Though initially an outsourced enterprise, the Disneyland Hotel set the precedent for the “theme park hotel” when it opened in 1955, three months after Disneyland itself opened its gates. Only 6 rooms were ready on its soft opening date, but by 1960 more than 300 rooms were operating on the property, and it became a destination of its own for families, fans and celebrities alike.

In 1961, Disney’s transit prototype “The Monorail” would be expanded to become a practical transport method at the park, taking passengers between Tomorrowland and the hotel. In fact what is now the “Downtown Disney” station, used to be where guests for the hotel would alight. Though the hotel is now a short walk away.

But this isn’t a dated attraction from the 1950’s – in the eternal words of Tenacious D, The Disneyland Hotel of today is just a tribute. Nothing from 1955 still stands today. What started as a two story motel is now some 900 rooms across four towers surrounding a pool (which is undergoing renovations until April 30th, and has some fantastic water slides…) and outdoor entertainment area.

This includes Trader Sam’s Tiki Bar, an immersive Tiki Bar experience (with actual cocktails!) which is worth the walk to the hotel alone. Just be sure to get your name down early to get a seat inside – hotel guests get no special treatment here!

You’re greeted at the front entry of the hotel by a massive blue carpet adorned by the classic Disneyland Hotel logo, which you can see pictured at the top of this article. You’ll enter the resort to find a massive check-in area, where we had no wait, and a friendly and quick check-in process. Unlike at the Hotels in Walt Disney World (Orlando), the park check-in wasn’t able to happen at the same time, and had to be done closer to the park entry. This meant we couldn’t immediately use the Monorail, which was honestly the only snag in the whole experience.

Unlike other hotels around the world that sit next to a Disney Park, the theme of the park is Disneyland itself. Three towers are named after the park’s original lands: Adventure, Fantasy and Frontier.

I stayed in the Frontier Tower, which was once called the Bonita Tower, then the Wonder Tower, before setting on the Frontierland inspired theming.

It opened as the Frontier Tower in 2011, the second of three towers that underwent renovations and renaming at the time. A fourth tower opened last year, “The Villas at Disneyland Hotel”, with 344 guest rooms across 12 floors and various themed experiences.

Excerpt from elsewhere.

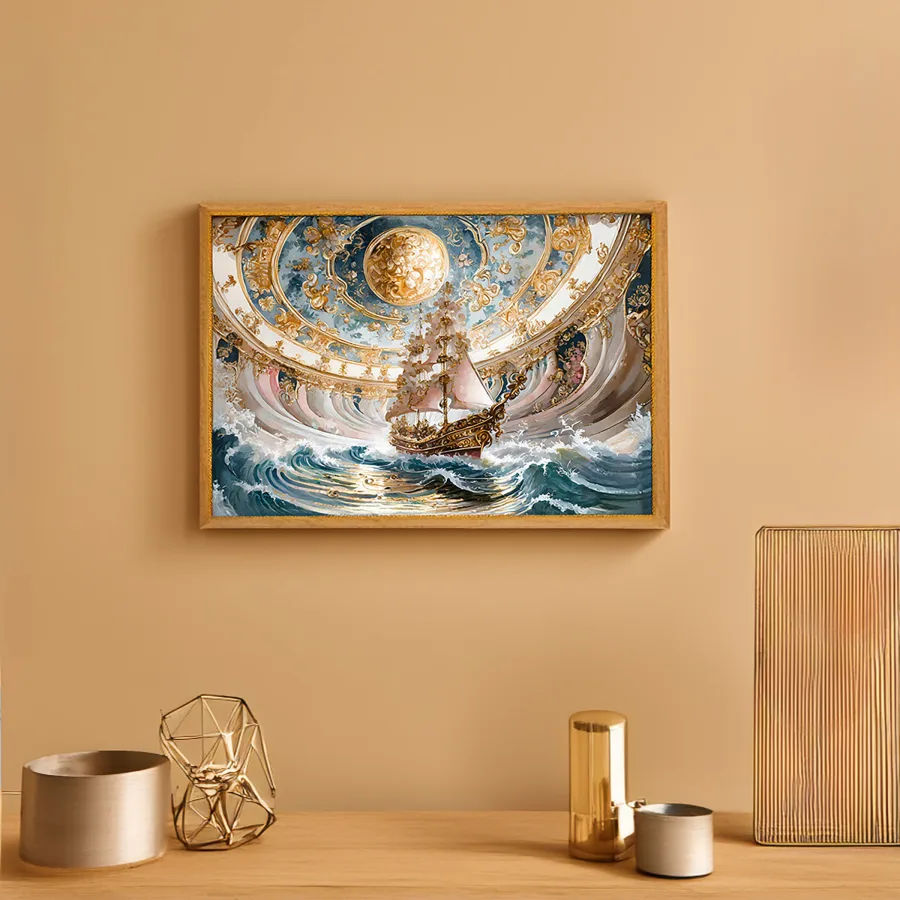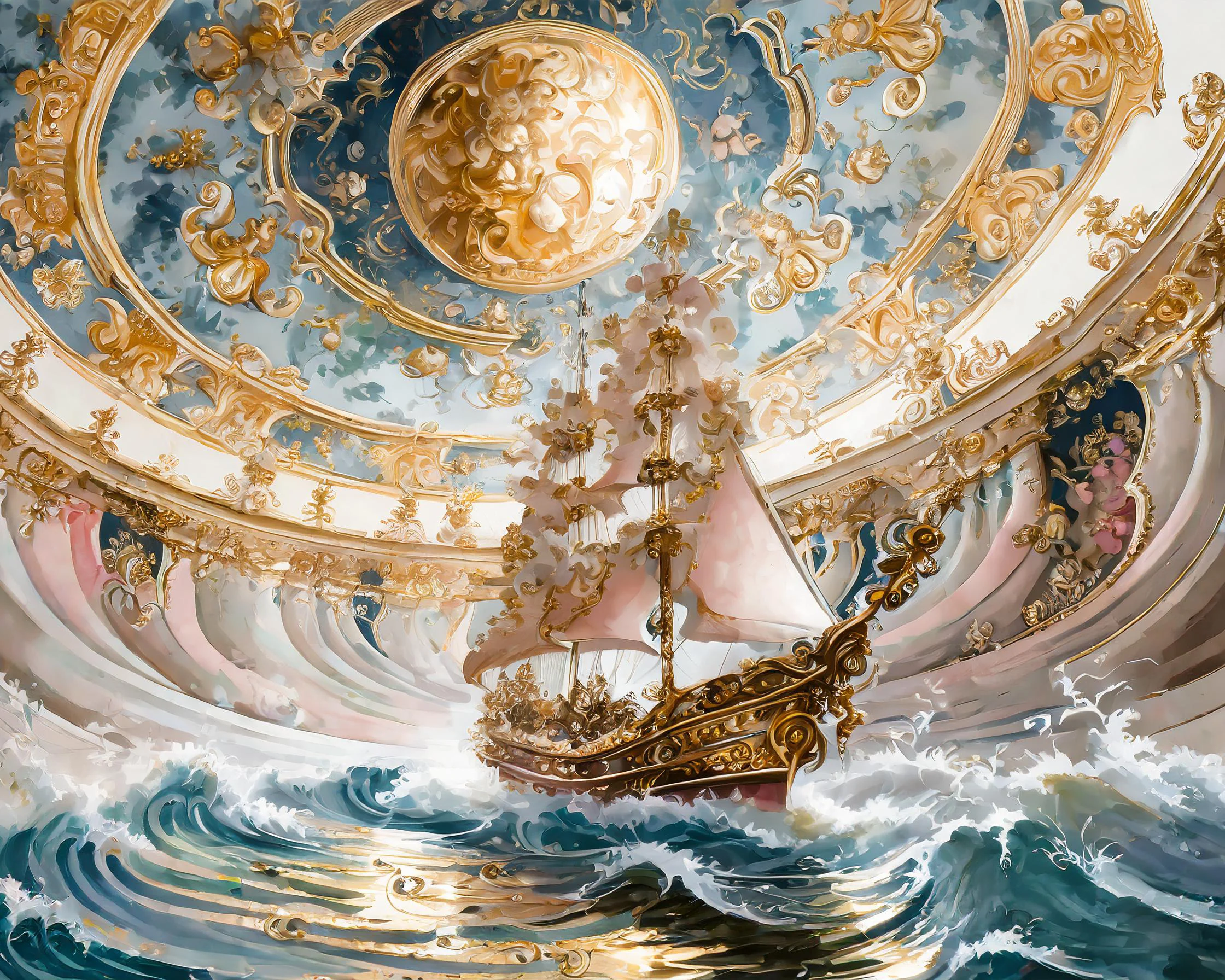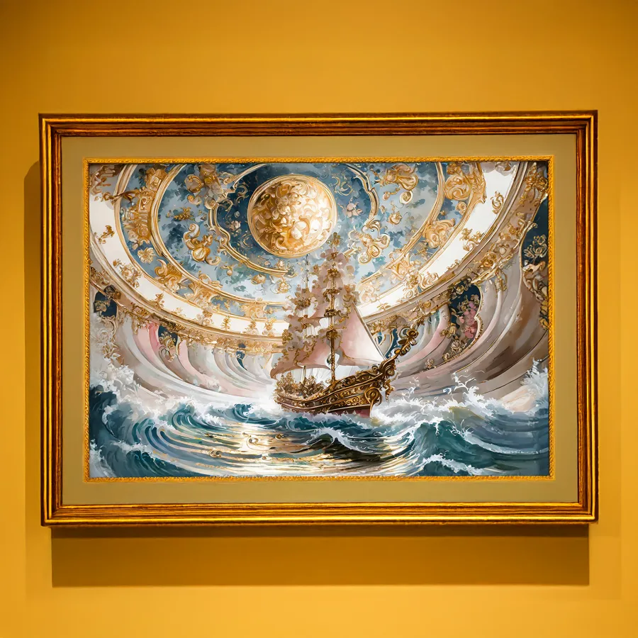 A magnificent crystal chandelier shaped like a fully-rigged sailing ship crashes through tumultuous gilt-edged waves painted across the domed ceiling. The baroque masterpiece seamlessly blends rococo excess with maritime fantasy, creating a fever dream of stormy seas rendered in gold leaf and ornate plasterwork. Listen, if you're not already planning to lie on that marble floor at 2am contemplating your life choices while this nautical fever dream looms above you, we clearly have different priorities.

They called this one the Discovery Tower, seemingly paying homage to Disneyland Paris’s version of Tomorrowland, Discoveryland. Though this doesn’t reflect its theme.

In the Frontier Tower, where we stayed, you’ll find a scale model of the Big Thunder Mountain Railroad in its lobby, the signature attraction of Frontierland.

The floors in the hallways are adorned with It’s A Small World artwork, while the two Queen beds in our room sat against a wood carving of the park’s iconic castle. A black and white photo of Walt walking out of the castle, meanwhile, sits alongside the bed. Both inclusions felt like they could have easily featured in the rooms of the original motel, and heralds a certain nostalgic feel to the whole accommodation experience.

The bed is immensely comfortable, and the hotel has everything you might need, but this isn’t a hotel where you’re going to get hung up on the particulars. It’s about immersing yourself in all the intricacies of the hotel, and the endless supply of “Hidden Mickey’s” that pervade every corner.

The handle in the shower? Mickey ears. The lighting fixtures? Mickey ears in all shapes and design styles.

And then there’s my personal favourite – Mickey hands holding the lights on the bathroom mirror.

Even the coffee cups are covered in ears. And the bedroom floor is covered in his ears, and fireworks.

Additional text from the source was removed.